Once the line containing "在PaaS的基础上,北森提供" is found in the records below, return it and each following line exactly, up to and including the line containing "The Desert and", and nothing else.

:: MATERIAL PROVIDED

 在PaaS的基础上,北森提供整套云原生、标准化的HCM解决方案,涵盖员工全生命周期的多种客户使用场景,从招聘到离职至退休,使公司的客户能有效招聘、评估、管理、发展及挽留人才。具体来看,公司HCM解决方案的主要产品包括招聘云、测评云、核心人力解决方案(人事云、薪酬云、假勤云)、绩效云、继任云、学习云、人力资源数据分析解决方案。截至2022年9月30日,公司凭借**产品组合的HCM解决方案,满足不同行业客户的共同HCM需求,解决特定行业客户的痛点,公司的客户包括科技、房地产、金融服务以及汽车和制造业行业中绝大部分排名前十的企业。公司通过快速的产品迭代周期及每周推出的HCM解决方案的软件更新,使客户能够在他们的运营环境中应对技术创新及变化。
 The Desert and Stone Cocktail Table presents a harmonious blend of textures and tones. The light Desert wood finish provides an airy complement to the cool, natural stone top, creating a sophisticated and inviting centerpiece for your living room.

::::
:: MATERIAL PROVIDED

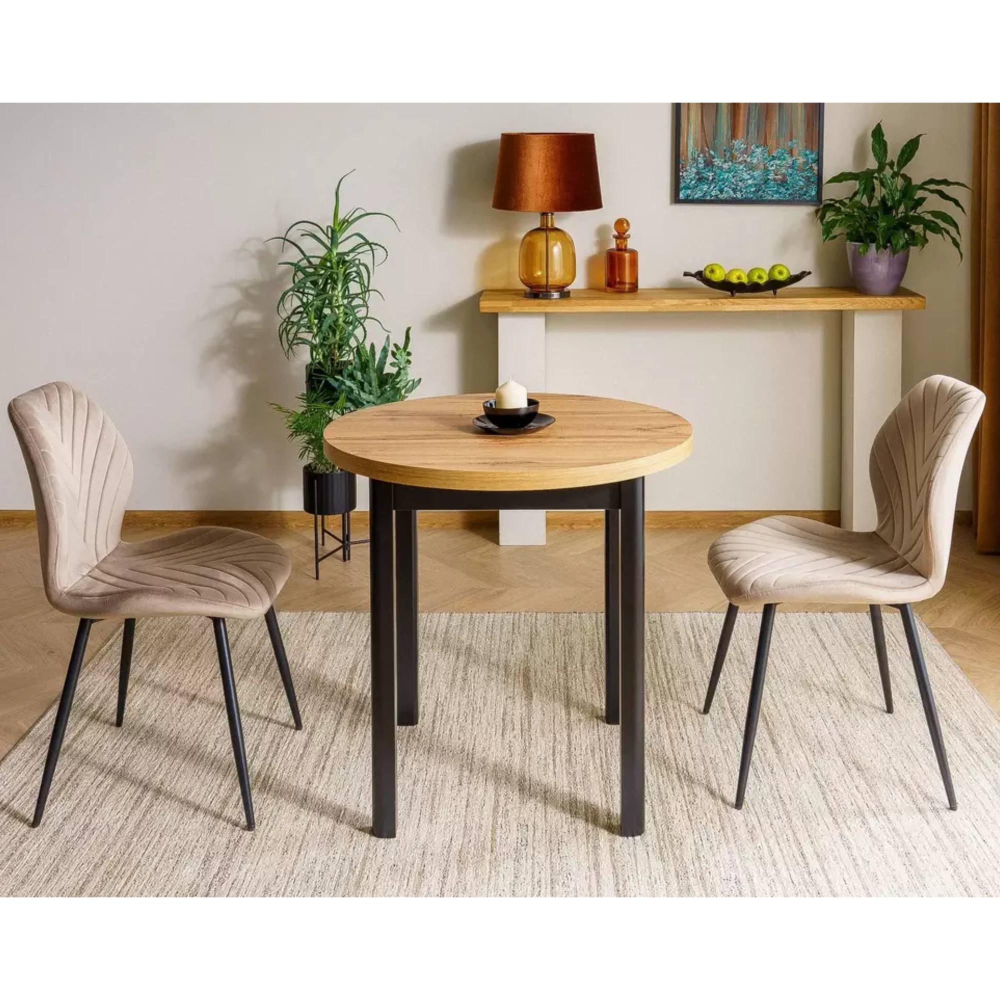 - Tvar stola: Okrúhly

::::
:: MATERIAL PROVIDED

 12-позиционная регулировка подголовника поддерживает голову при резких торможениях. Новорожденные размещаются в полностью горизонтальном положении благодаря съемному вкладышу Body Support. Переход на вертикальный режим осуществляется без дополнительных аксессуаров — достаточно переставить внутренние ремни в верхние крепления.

::::

→ REPLY TO THE TASK:
 在PaaS的基础上,北森提供整套云原生、标准化的HCM解决方案,涵盖员工全生命周期的多种客户使用场景,从招聘到离职至退休,使公司的客户能有效招聘、评估、管理、发展及挽留人才。具体来看,公司HCM解决方案的主要产品包括招聘云、测评云、核心人力解决方案(人事云、薪酬云、假勤云)、绩效云、继任云、学习云、人力资源数据分析解决方案。截至2022年9月30日,公司凭借**产品组合的HCM解决方案,满足不同行业客户的共同HCM需求,解决特定行业客户的痛点,公司的客户包括科技、房地产、金融服务以及汽车和制造业行业中绝大部分排名前十的企业。公司通过快速的产品迭代周期及每周推出的HCM解决方案的软件更新,使客户能够在他们的运营环境中应对技术创新及变化。
 The Desert and Stone Cocktail Table presents a harmonious blend of textures and tones. The light Desert wood finish provides an airy complement to the cool, natural stone top, creating a sophisticated and inviting centerpiece for your living room.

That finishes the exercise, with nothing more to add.